Collected material:
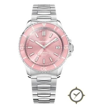 Eine Taucheruhr-Uhr mit einem markanten 46mm Auftritt am Handgelenk, gefertigt aus Edelstahl mit einem Zifferblatt in karmesinrot und einer besonderen "sunburst"-Oberfläche.
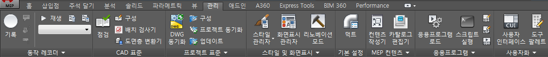 관리 탭에서는 고급 사용자 및 CAD 관리자용 기능을 찾을 수 있습니다.
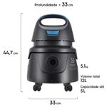 Aspirador de Pó e Água Electrolux 1400W 5L c/ Conjunto de Acessórios e Rodas 360° (AWD01) REF: 658879_Sicredi
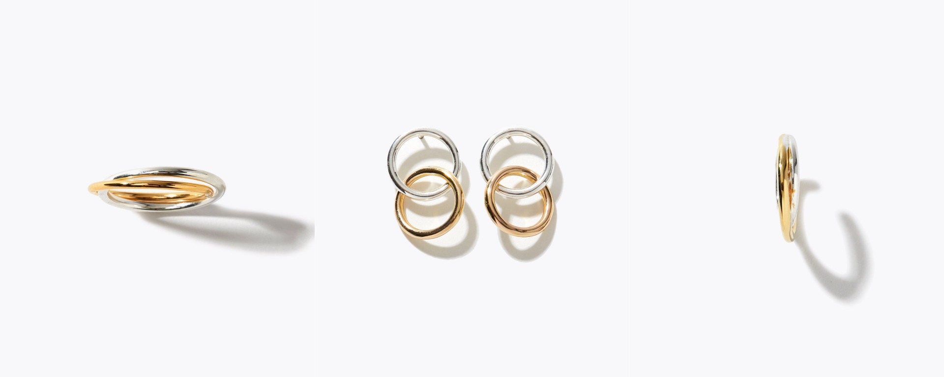 異なるふたつの輝きが寄り添う、シンプルなサークルを連ねたリング、ピアス、イヤーカフ。 シルバーとゴールドのラインは、太さを変え、ミニマムなデザインの中にも奥行きとリズムが感じられるようアレンジしました。

Aim of the exercise: When you output the listing, reproduce it exactly but drop its pictures.

Solution for this exercise:
 Eine Taucheruhr-Uhr mit einem markanten 46mm Auftritt am Handgelenk, gefertigt aus Edelstahl mit einem Zifferblatt in karmesinrot und einer besonderen "sunburst"-Oberfläche.
 관리 탭에서는 고급 사용자 및 CAD 관리자용 기능을 찾을 수 있습니다.
 Aspirador de Pó e Água Electrolux 1400W 5L c/ Conjunto de Acessórios e Rodas 360° (AWD01) REF: 658879_Sicredi
 異なるふたつの輝きが寄り添う、シンプルなサークルを連ねたリング、ピアス、イヤーカフ。 シルバーとゴールドのラインは、太さを変え、ミニマムなデザインの中にも奥行きとリズムが感じられるようアレンジしました。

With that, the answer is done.